Take Mohr for instance, at the time fellow Rockies blogger Mark at TGTB&TB wrote this article, Mohr's Value Over Replacement-level Players, or VORP, at Baseball Prospectus stood at -4.8 which would have placed him near the very bottom of the majors at the time in value provided to the team (the negative figure means he actually sucks value away, like rust on a car, or Desi Relaford). It's taken him a month (Mark's article was written July 9) but Mohr has finally cracked into positive territory at 0.2. Similar rises have been seen by JD Closser (5.2) and Holliday (17.2) and the resulting surge in our offense would have allowed us wins in these past two weeks if we had kept all the players we traded away.
- Ryan Shealy has fitted in relatively smoothly into Helton's spot in the lineup. The only thing O'Dowd can take credit for here was not trading the slugging prospect away.

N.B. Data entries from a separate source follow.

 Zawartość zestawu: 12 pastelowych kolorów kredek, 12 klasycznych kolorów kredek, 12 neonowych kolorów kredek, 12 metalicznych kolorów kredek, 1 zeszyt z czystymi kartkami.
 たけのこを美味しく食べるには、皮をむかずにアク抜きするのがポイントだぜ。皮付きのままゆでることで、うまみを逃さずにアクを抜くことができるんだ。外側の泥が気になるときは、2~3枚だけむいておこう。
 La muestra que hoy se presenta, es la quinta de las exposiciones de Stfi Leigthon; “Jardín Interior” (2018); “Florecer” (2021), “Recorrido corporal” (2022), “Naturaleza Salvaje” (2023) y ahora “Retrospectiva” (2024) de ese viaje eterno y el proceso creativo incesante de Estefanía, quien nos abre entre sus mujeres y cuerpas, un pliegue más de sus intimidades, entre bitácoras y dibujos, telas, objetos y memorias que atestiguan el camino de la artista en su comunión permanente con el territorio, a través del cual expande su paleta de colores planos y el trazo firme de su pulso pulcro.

- The pitching is relying mostly on smoke and mirrors right now, when it falls apart absent the reliable presence of Kennedy and Chacon -a hometown favorite who sold tickets- the fall will be hard. Check out BK's numbers yesterday: he walked as many as he struck out, and gave up some hits. Fact is, he was lucky.
- Omar Quintanilla's acquisition and ascension to short allowed us to slough off Relaford and move Gonzalez to second (thereby sitting Miles) Bigbie's acquisition gave us more incentive not to play Cory Sullivan and the removal of those vacuums on our run production has been the real catalyst. With Gonzalez in particular constantly getting on base near the top of the lineup, and without the automatic outs usually associated with the last three or four slots, Holliday, Atkins and yes, even Dustan Mohr are getting qulaity pitches to hit. Plus our improved team defense on the middle of the infield with Q! has been a boon to our sinkerball pitchers.

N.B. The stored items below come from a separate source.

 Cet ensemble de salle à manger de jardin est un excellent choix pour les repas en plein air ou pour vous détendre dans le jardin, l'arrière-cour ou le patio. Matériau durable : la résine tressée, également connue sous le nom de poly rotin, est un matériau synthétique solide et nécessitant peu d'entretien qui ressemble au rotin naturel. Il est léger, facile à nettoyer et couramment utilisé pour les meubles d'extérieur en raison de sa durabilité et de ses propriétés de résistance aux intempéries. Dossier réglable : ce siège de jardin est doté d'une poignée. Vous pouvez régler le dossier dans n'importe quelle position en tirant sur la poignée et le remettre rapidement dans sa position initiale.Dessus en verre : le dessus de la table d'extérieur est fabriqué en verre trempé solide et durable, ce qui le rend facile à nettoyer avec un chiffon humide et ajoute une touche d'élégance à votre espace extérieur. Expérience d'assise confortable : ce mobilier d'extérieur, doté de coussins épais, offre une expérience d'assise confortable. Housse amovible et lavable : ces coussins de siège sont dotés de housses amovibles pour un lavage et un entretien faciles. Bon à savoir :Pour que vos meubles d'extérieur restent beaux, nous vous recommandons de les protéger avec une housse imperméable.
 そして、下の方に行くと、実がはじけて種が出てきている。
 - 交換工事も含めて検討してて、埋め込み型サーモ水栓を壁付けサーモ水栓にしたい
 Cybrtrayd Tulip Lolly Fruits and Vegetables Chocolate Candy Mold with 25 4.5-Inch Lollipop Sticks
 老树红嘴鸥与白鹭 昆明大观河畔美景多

- Removing the bad attitude of Shawn Chacon has seemingly infused new life into the rest of the Rockies staff, and it appears that the cavalier attitudes he and Jay Witasick complained about in the Rockies clubhouse left with them. The bad contract swap of Byung Hyun Kim for Charles Johnson (plus Chris Narveson) has turned out to be a godsend in that Kim has pitched as effectively as Chacon and longer into games in fact, and allowed us to say sayonnara with few if any regrets.

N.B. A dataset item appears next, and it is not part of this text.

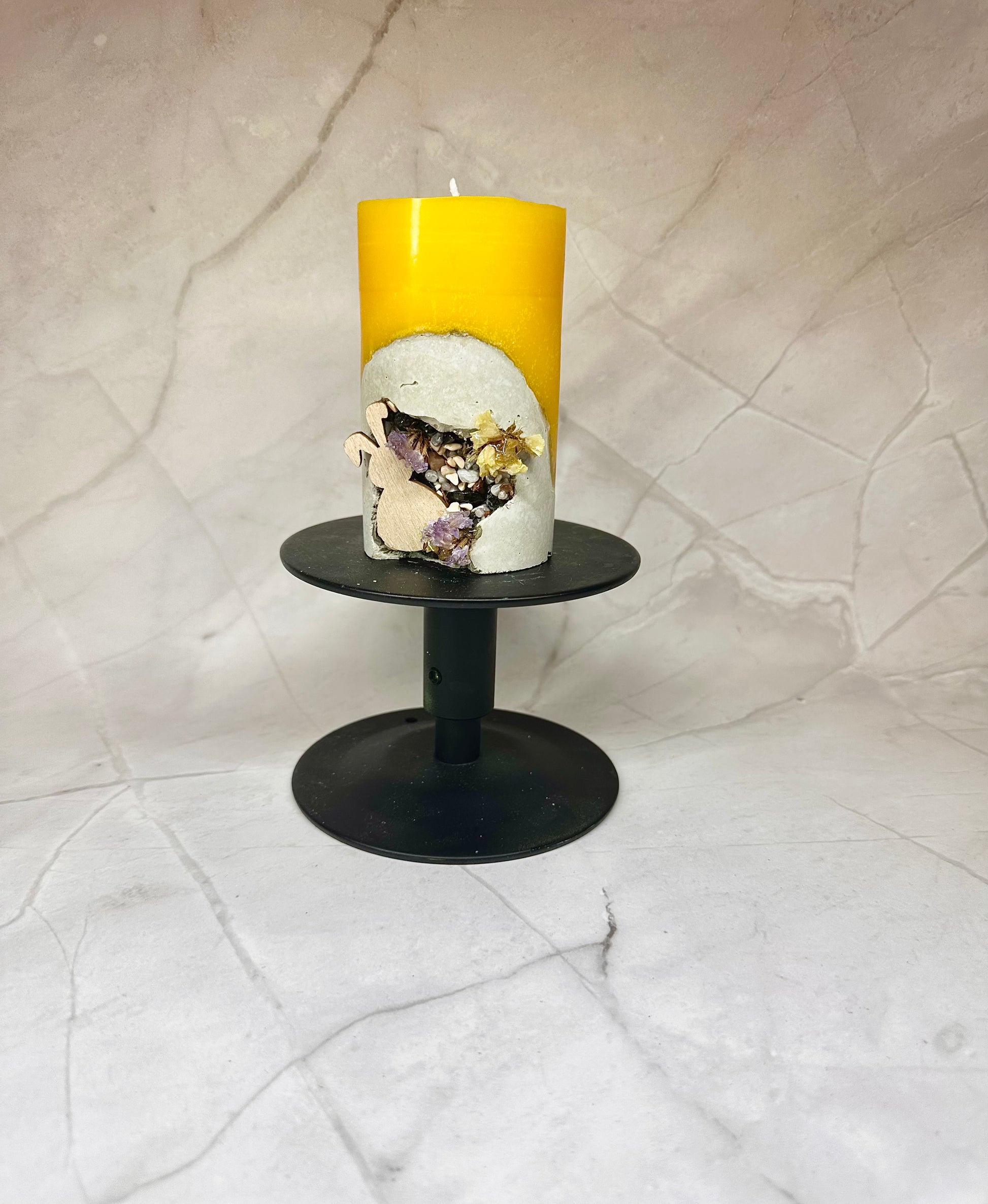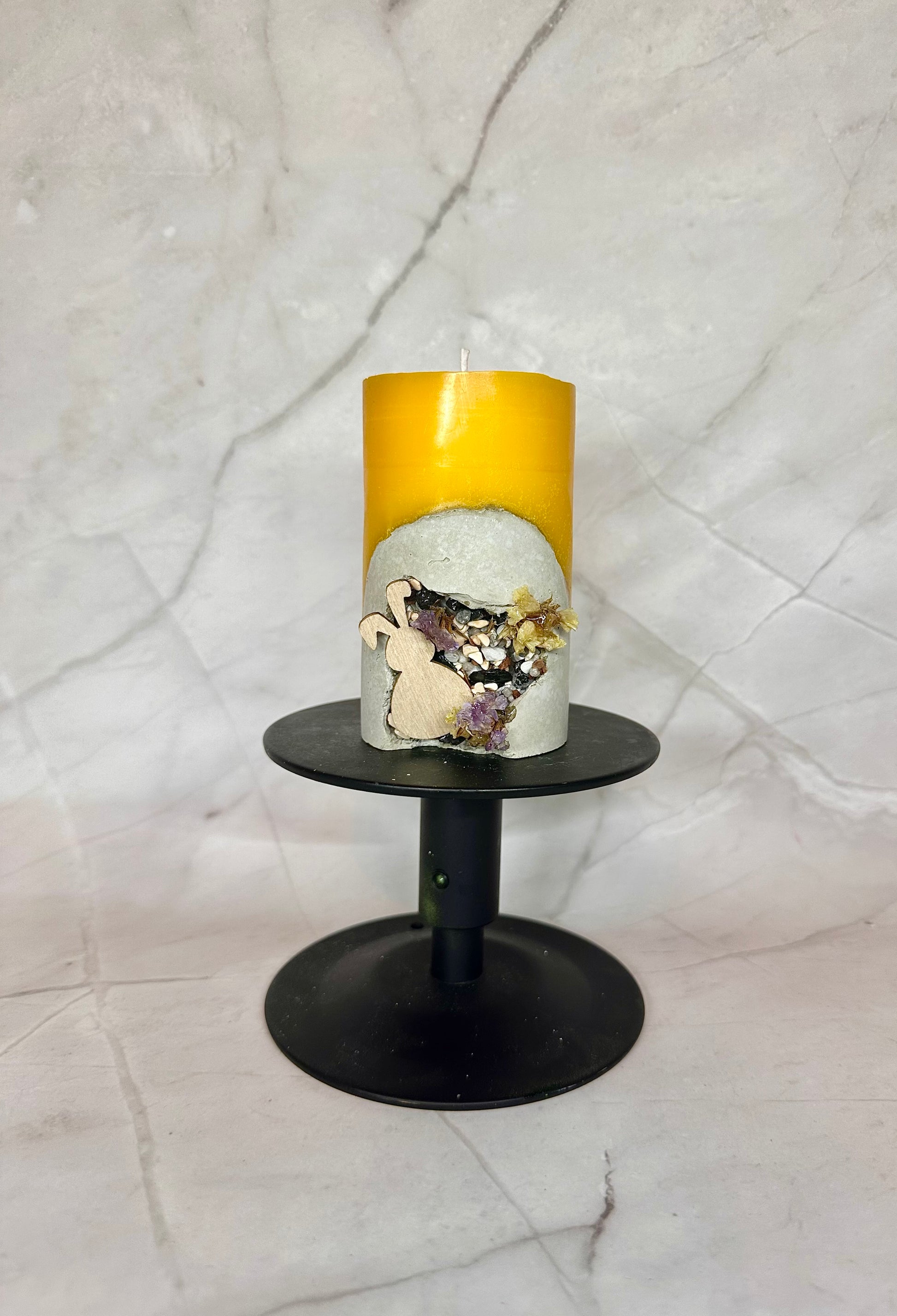 Une bougie en paraffine/stéarine avec une base en béton, décorée de pierres artificielles et de fleurs séchées, ainsi que d’un lapin en bois.

- The team is cheap and more flexible now, if we wanted to sign, let's say a Ramon Hernandez (who's been well above average at his position the last three years) at catcher to a one year rental deal while we waited for Chris Ianetta, our financial position is much improved. Alright, I know that's a pipe dream that Hernandez would go for that, but hey, Pudge parlayed his one year deal with the Marlins into a big payout from Detroit, and what team has a better history of boosting salary stats than the Rockies?